▶ _Instructions to follow_: Repeat the entries exactly but omit the pictures.

[Stored records]

[Start of Attachment]

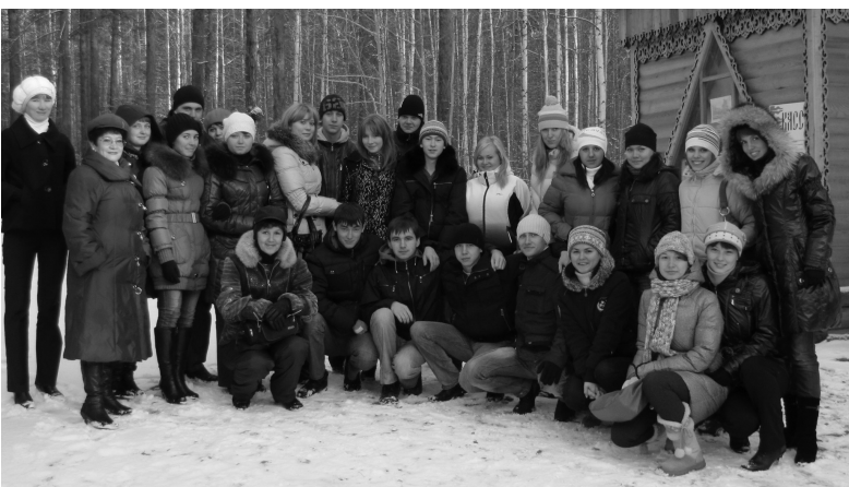
В начале экскурсионного пути.

Дружная, любознательная группа студентов лесопромышленного и гуманитарно-педагогического факультетов накануне 55-й годовщины родного города решили поближе познакомиться с историей малой Родины.
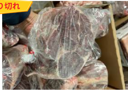
Bắp bò Hà Lan - Cắt, túi thường 【ポーランド産】牛スネ
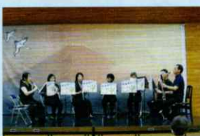
気ままにアンサンブル

当日は好天で暑さを心配しながらの実施でした。「あなたが主役！ みんなでつくろう地域の和！」を合言葉に、出演4団体の楽しいパフォーマンスと、素敵な演奏、美しいコーラスで大盛り上がり！参加者からは「来年も楽しみにしています」「ありがとう、楽しかったです」等の声をいただきました。
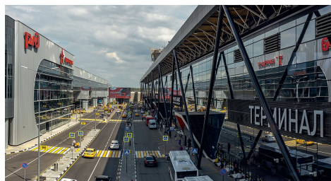
Вокзальный комплекс в Шереметьево
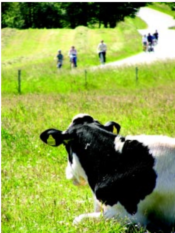
Kvæg er fredelige men skal som alle dyr respekteres
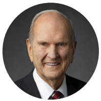
Președintele Russell M. Nelson
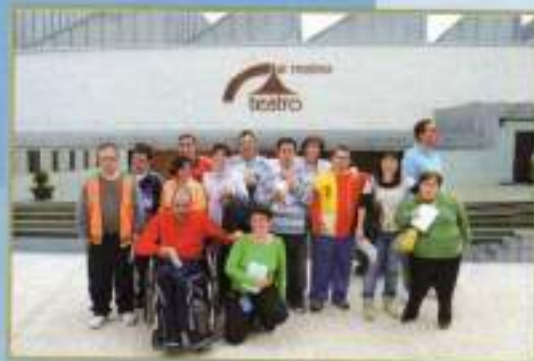
Lectura Día del Libro alumnos CFO
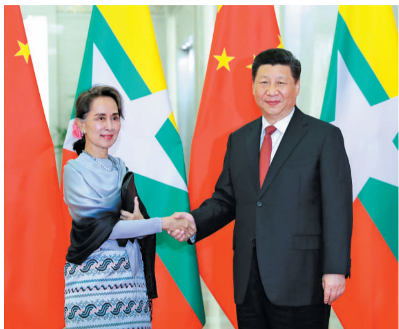
4月24日，国家主席习近平在北京人民大会堂会见缅甸国务资政昂山素季。
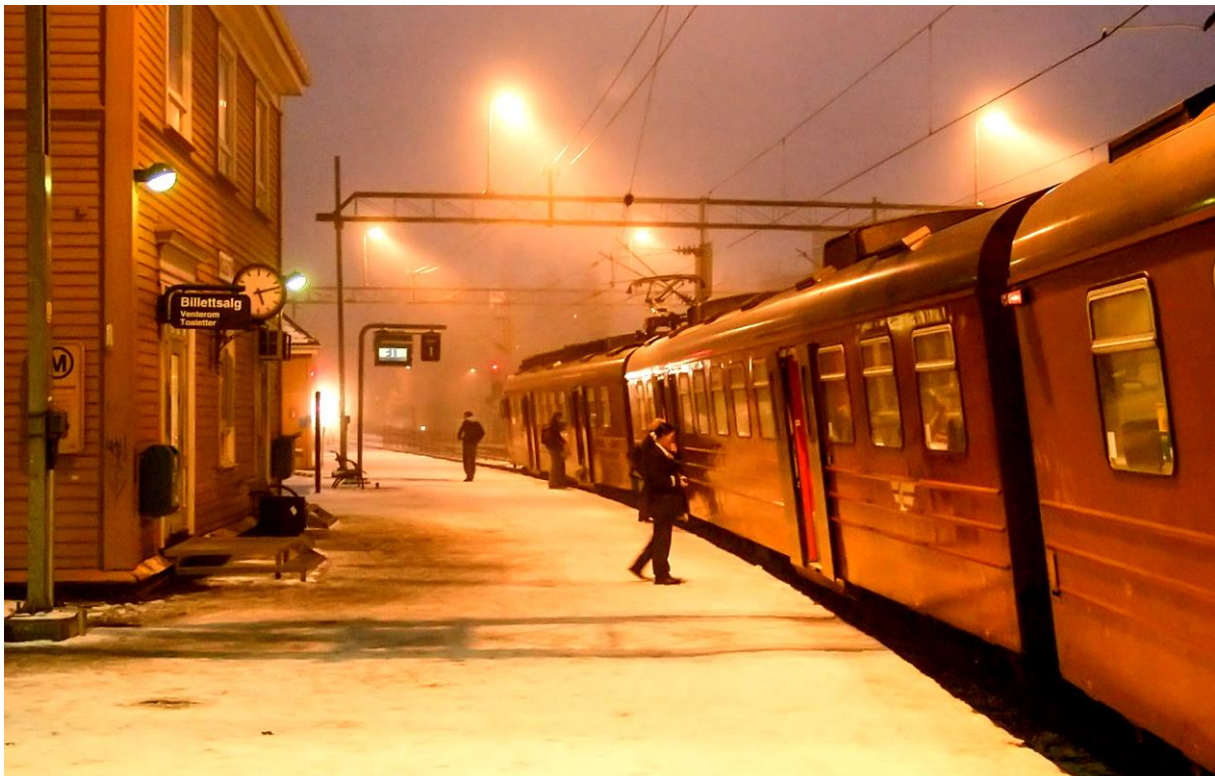
Vinterlig stemning på Kolbotn stasjon 30. januar 2005

Nr. 111 Desember 2015 ISSN: 0805-7753 Organ for Norsk Jernbaneklubb Lokalavdeling Østfoldbanen

[End of Attachment]

▶ _Solution to this task_:
В начале экскурсионного пути.

Дружная, любознательная группа студентов лесопромышленного и гуманитарно-педагогического факультетов накануне 55-й годовщины родного города решили поближе познакомиться с историей малой Родины.
Bắp bò Hà Lan - Cắt, túi thường 【ポーランド産】牛スネ
気ままにアンサンブル

当日は好天で暑さを心配しながらの実施でした。「あなたが主役！ みんなでつくろう地域の和！」を合言葉に、出演4団体の楽しいパフォーマンスと、素敵な演奏、美しいコーラスで大盛り上がり！参加者からは「来年も楽しみにしています」「ありがとう、楽しかったです」等の声をいただきました。
Вокзальный комплекс в Шереметьево
Kvæg er fredelige men skal som alle dyr respekteres
Președintele Russell M. Nelson
Lectura Día del Libro alumnos CFO
4月24日，国家主席习近平在北京人民大会堂会见缅甸国务资政昂山素季。
Vinterlig stemning på Kolbotn stasjon 30. januar 2005

Nr. 111 Desember 2015 ISSN: 0805-7753 Organ for Norsk Jernbaneklubb Lokalavdeling Østfoldbanen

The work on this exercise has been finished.